Rebecca Schmidt, 21, a ponytailed biology major, stands over the body, alongside a dozen of her Kean University classmates midway through the eight-week summer course Death in Perspective.

"They're looking for the bullet; come see," says Professor Norma Bowe, 49.

Schmidt leans in, captivated by the disfigured ball of metal lodged above his left ear. She breathes through her mask sprayed with perfume, which does little to block the smell of death: feces and rotten eggs.

This is so cool, she thinks. Schmidt has seen death plenty of times, but never the inside of a corpse.

For the last decade, Bowe has led her classes of 30 students into the refrigerated tombs of bodies stacked bunk-bed-style in the morgue and into hospice bedrooms, glowing from television screens, occupied by the sickly and soon-to-die. She guides them through the barbed-wire fences of Northern New Jersey State Penitentiary, past the outdoor recreation kennels where gang members sweat and swear, to a law library where they sit down with murderers.

Hayasaki's description was replete with details -- yolk-colored fat, marbled meat, the gang members sweating and swearing. As someone who has seen the body of a person who has died from violence, I think it captured the grisliness and funeral elements of death.

Yet detailed, it seems fair to say, does not describe Hayasaki's treatment of Norma Bowe's philosophy. Hayasaki gives plenty of hints that Bowe might be religious or that she has thought about religion. For example, at the end of the story Bowe tells a student the following:

Bowe keeps Schmidt in mind on the last day of class when she reads them a commencement speech written by Anna Quindlen: The knowledge of our own mortality is the greatest gift God ever gives us. It's so easy to waste our lives, our days, our hours, our minutes.

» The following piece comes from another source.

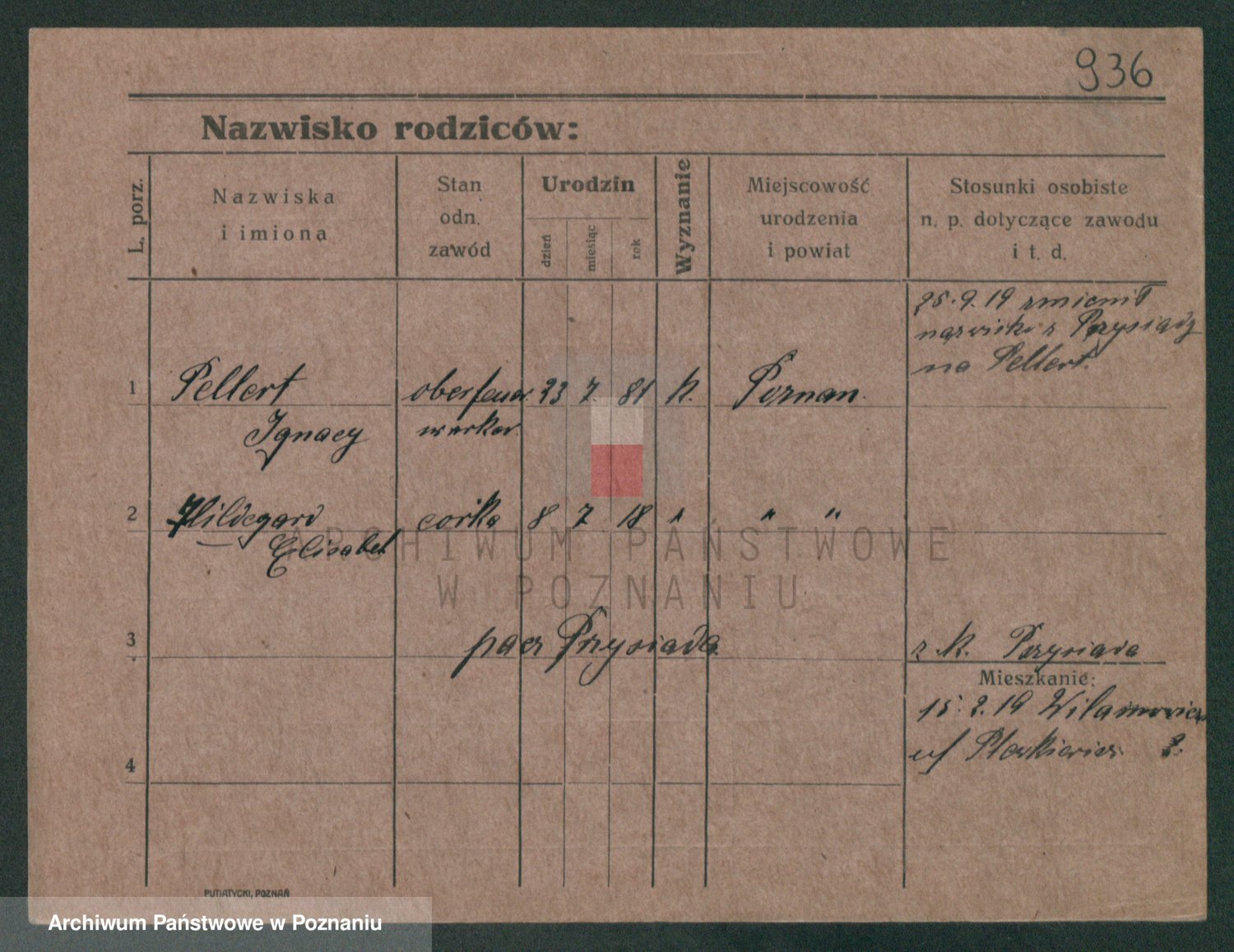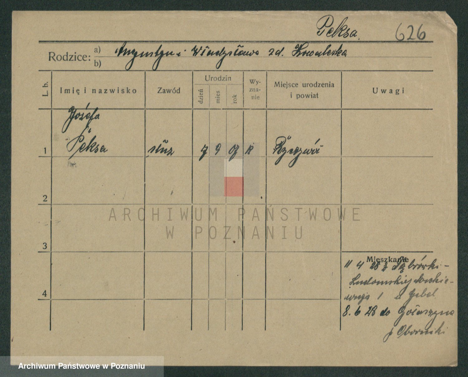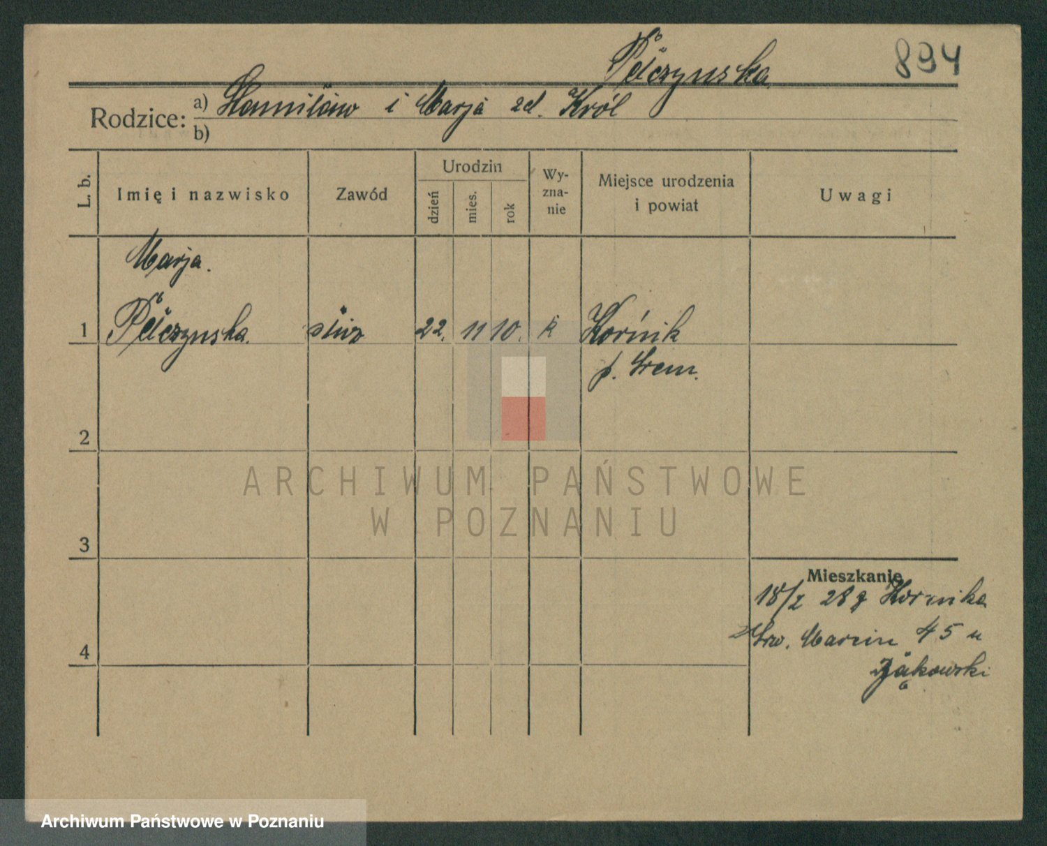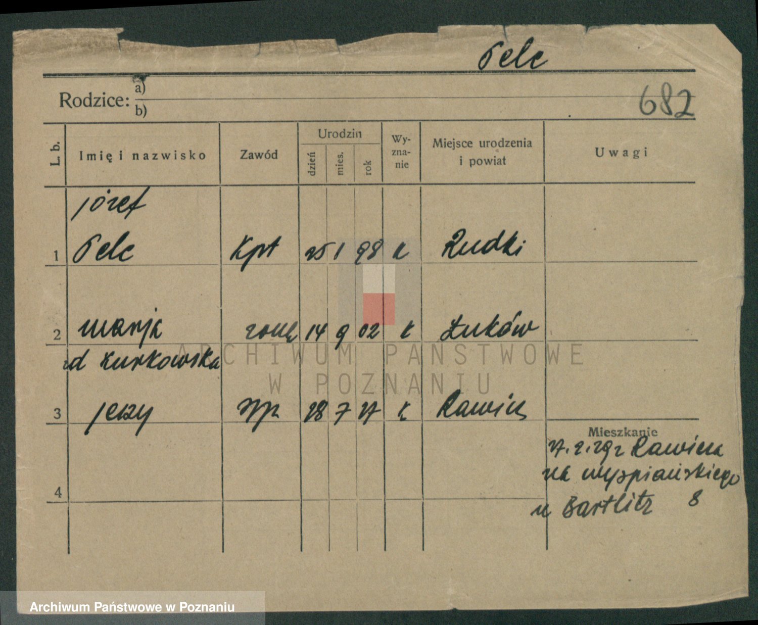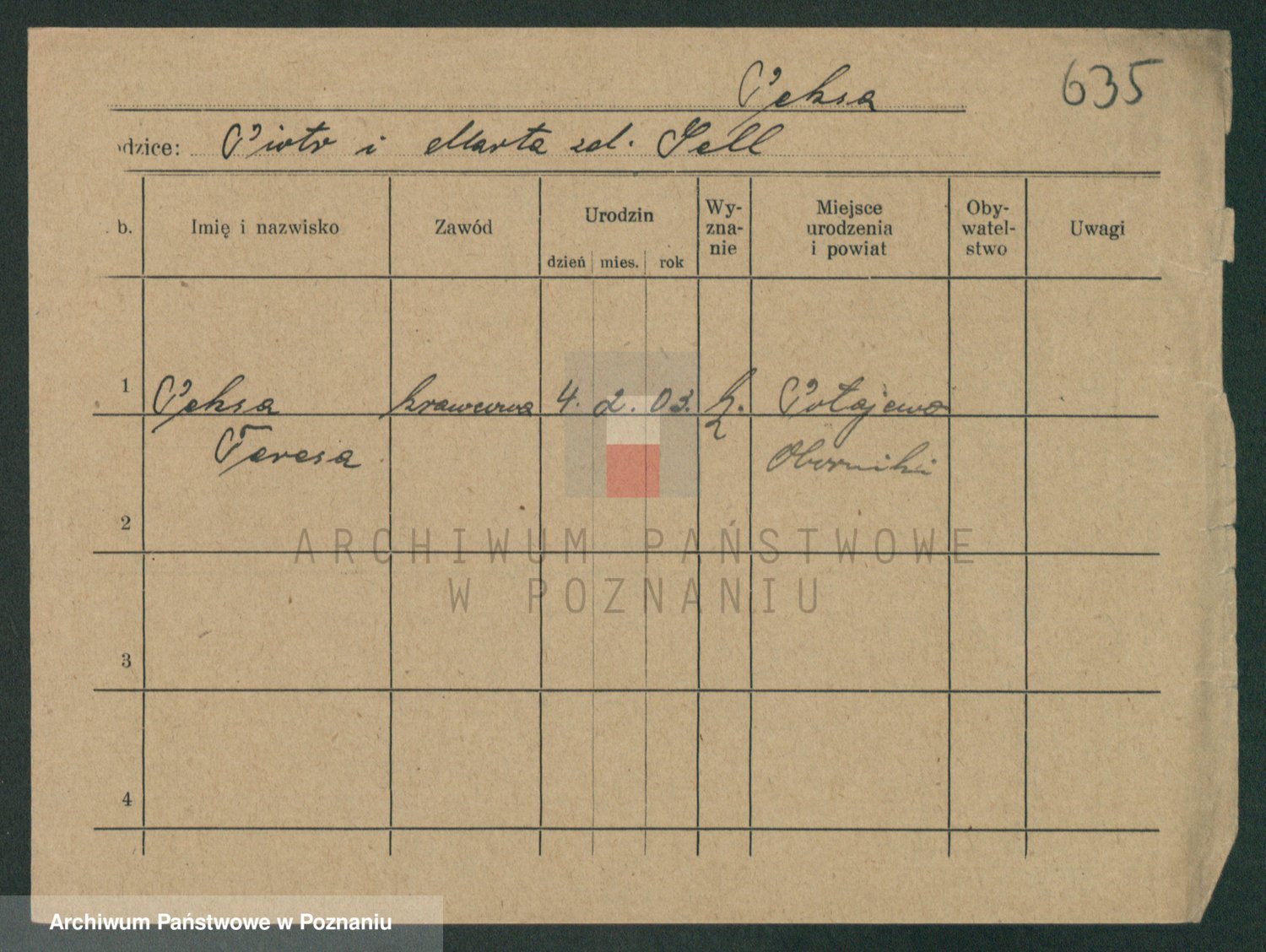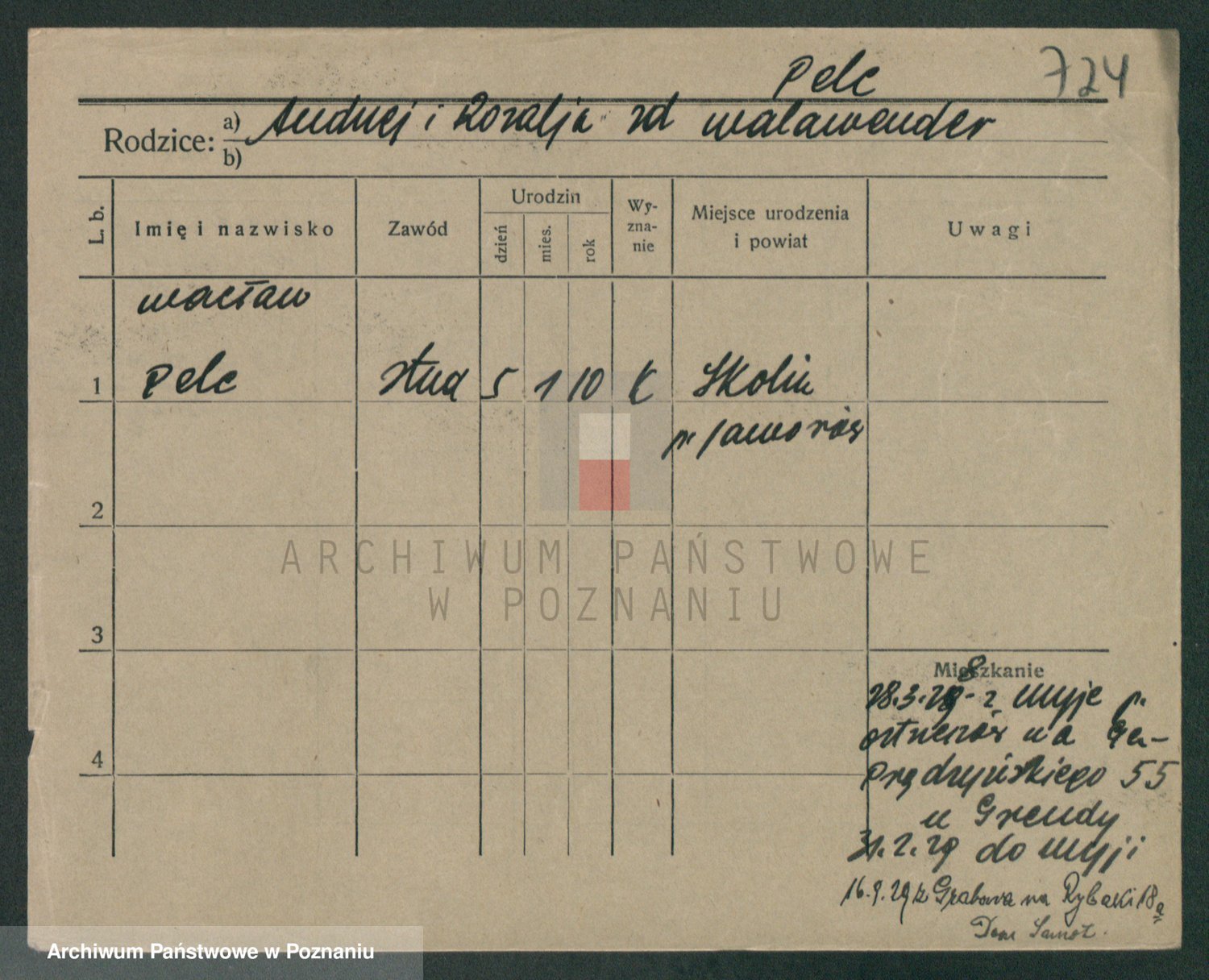Podgląd karty osobowej dostępny jest po kliknięciu na nazwisko lub ikonkę karty. Można dokonywać powiększenia (ikony na górze) lub przechodzić między kolejnymi skanami (strzałki po bokach).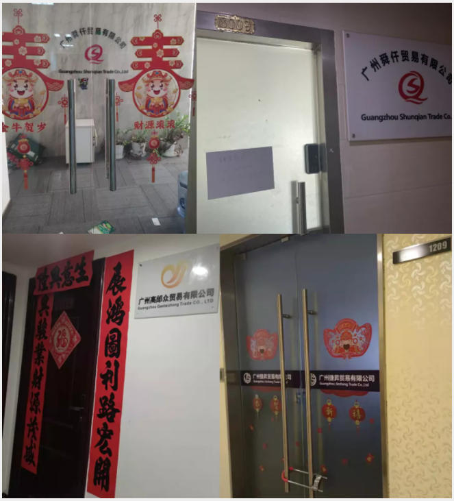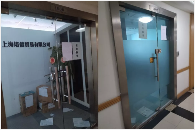 前述注册于上海及广州的贸易公司,记者及投资人于2022年2月14-15日再次逐一走访,依然是大门紧锁,人去楼空。

Interesting, but the passage is never elaborated upon. Why did Bowe mention God? Do students talk about God and religion's consideration and treatment of death? Hayasaki should have asked Bowe a religion-related question, for it might have shed light on the lessons that Bowe seeks to impart to her students. Are students to understand death in purely personal terms or in philosophical or religious ones?

Religion was something of a ghost in this story. It was airy and ethereal, not fleshed out. If only Hayasaki had given readers a few details about Bowe's examination of the meaning of death, one that she applied skillfully to the topic of the biological processes of death.